SUPPLIED MATERIAL:
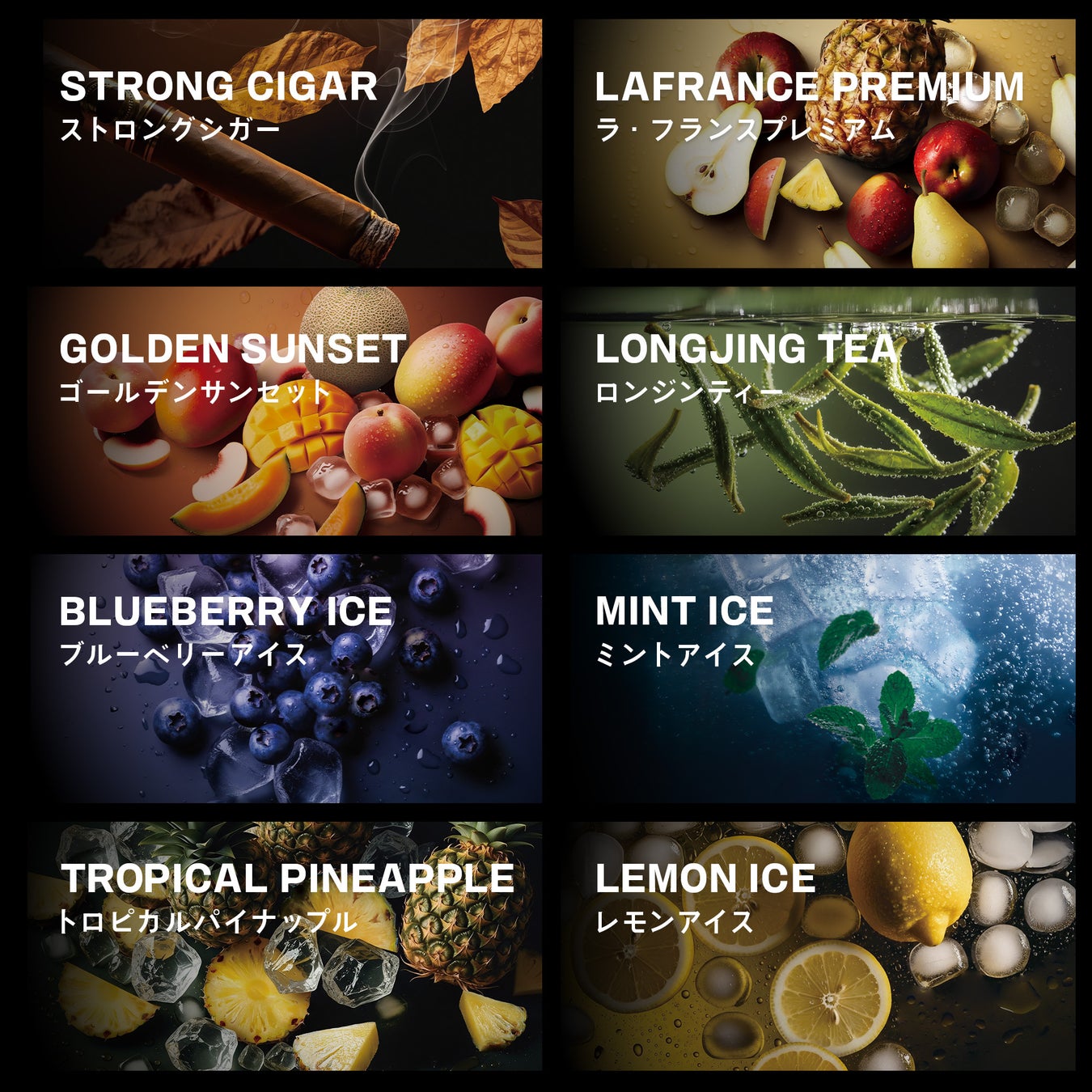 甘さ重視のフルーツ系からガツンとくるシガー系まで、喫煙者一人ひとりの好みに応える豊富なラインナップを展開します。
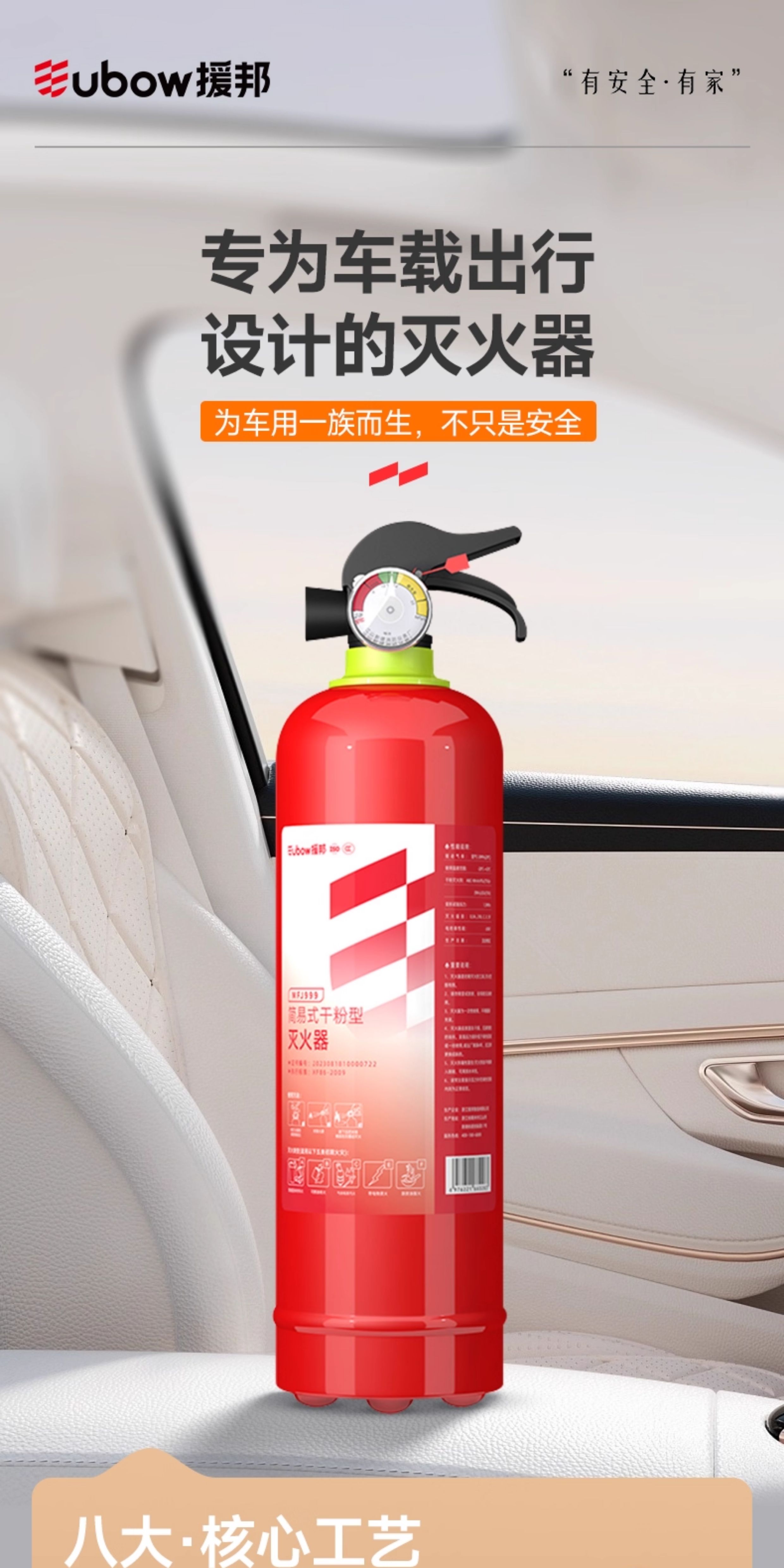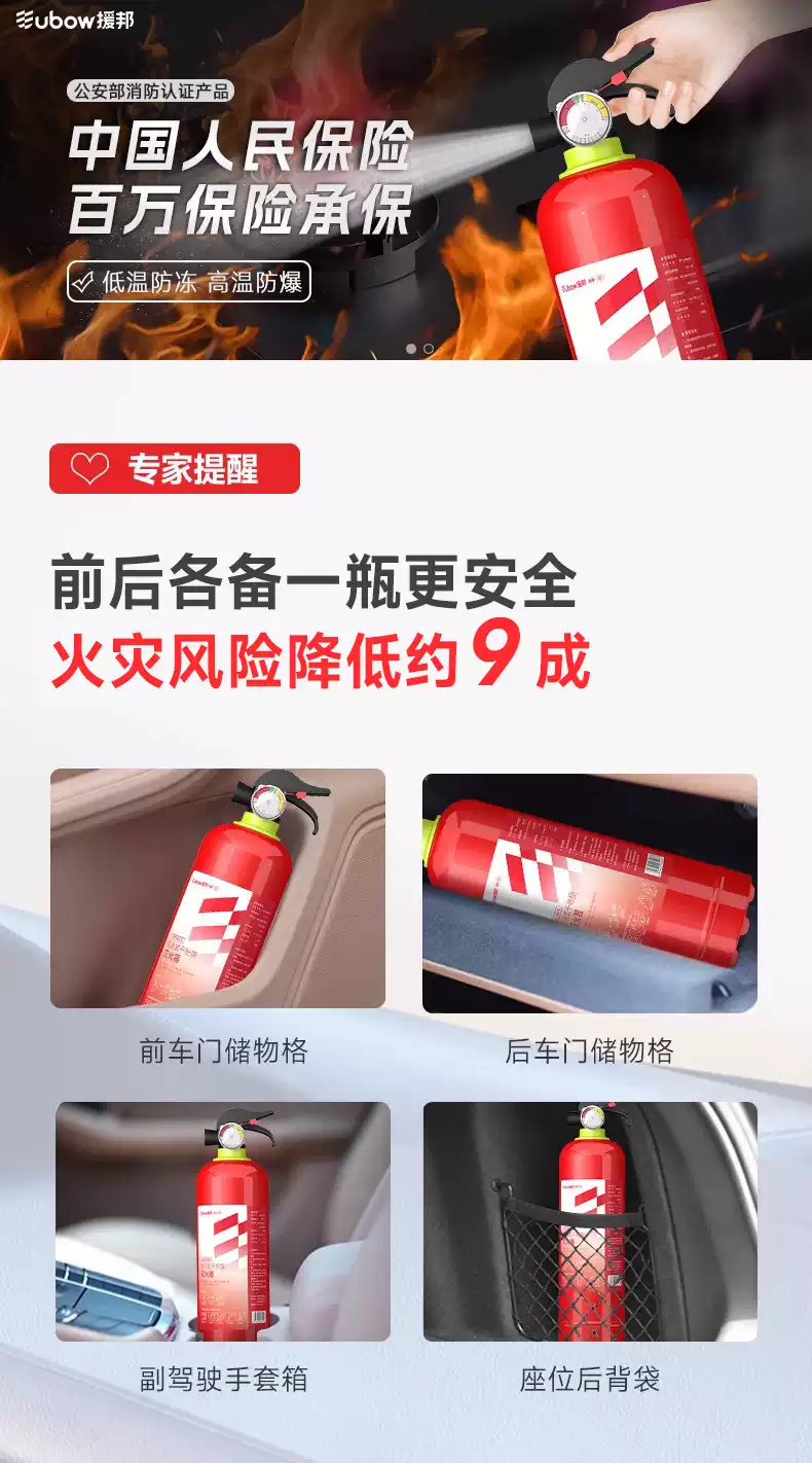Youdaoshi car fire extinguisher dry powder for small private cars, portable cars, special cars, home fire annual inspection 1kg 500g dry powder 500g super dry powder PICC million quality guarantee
--
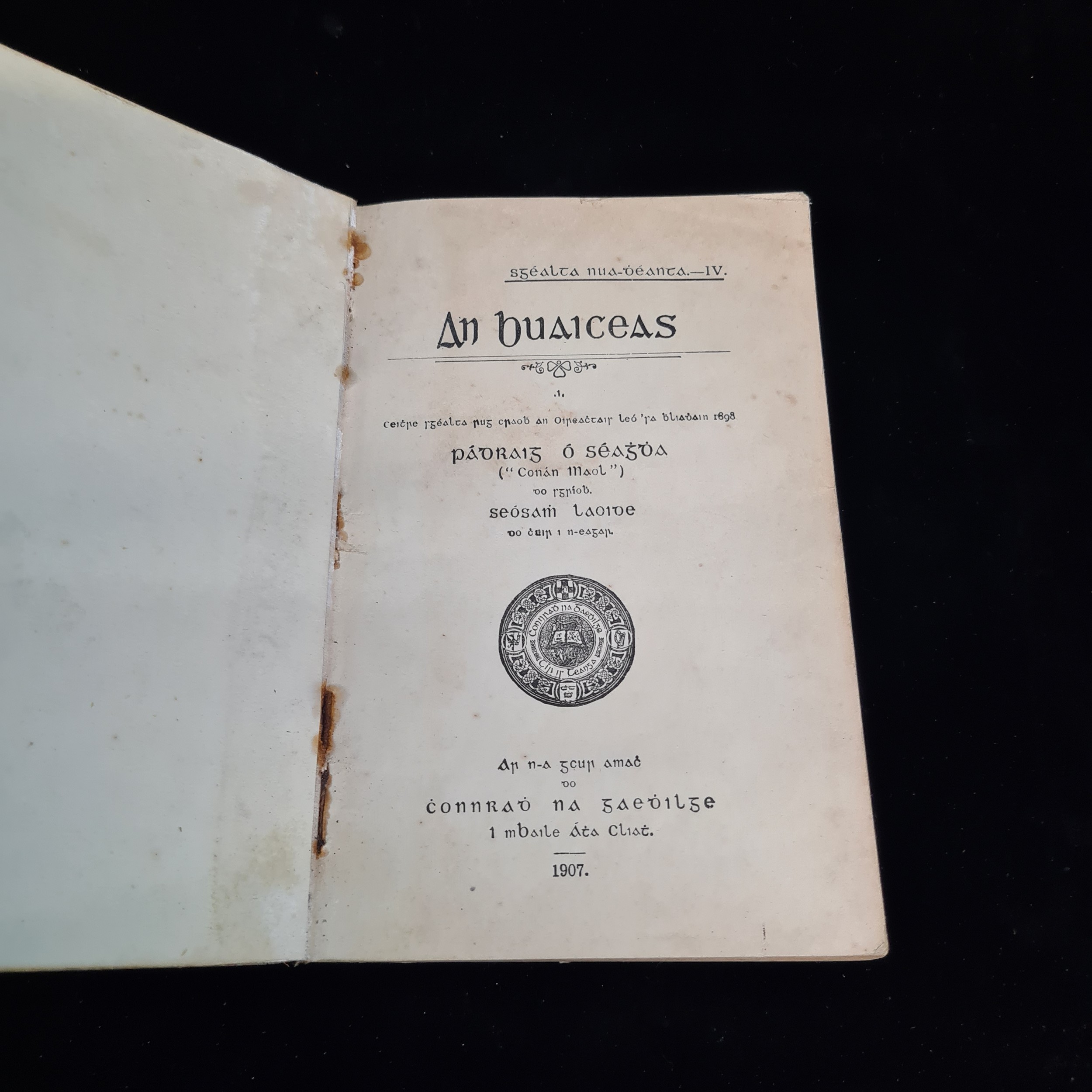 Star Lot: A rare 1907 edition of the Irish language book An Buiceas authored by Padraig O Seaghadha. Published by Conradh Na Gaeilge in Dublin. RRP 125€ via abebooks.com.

TASK DIRECTIONS: Return exactly the lines that appear in the data above between the line containing "甘さ重視のフルーツ系からガツ" and the line containing "Youdaoshi car fire", both of which are included, and leave the pictures out.

PROBLEM SOLUTION:
 甘さ重視のフルーツ系からガツンとくるシガー系まで、喫煙者一人ひとりの好みに応える豊富なラインナップを展開します。
Youdaoshi car fire extinguisher dry powder for small private cars, portable cars, special cars, home fire annual inspection 1kg 500g dry powder 500g super dry powder PICC million quality guarantee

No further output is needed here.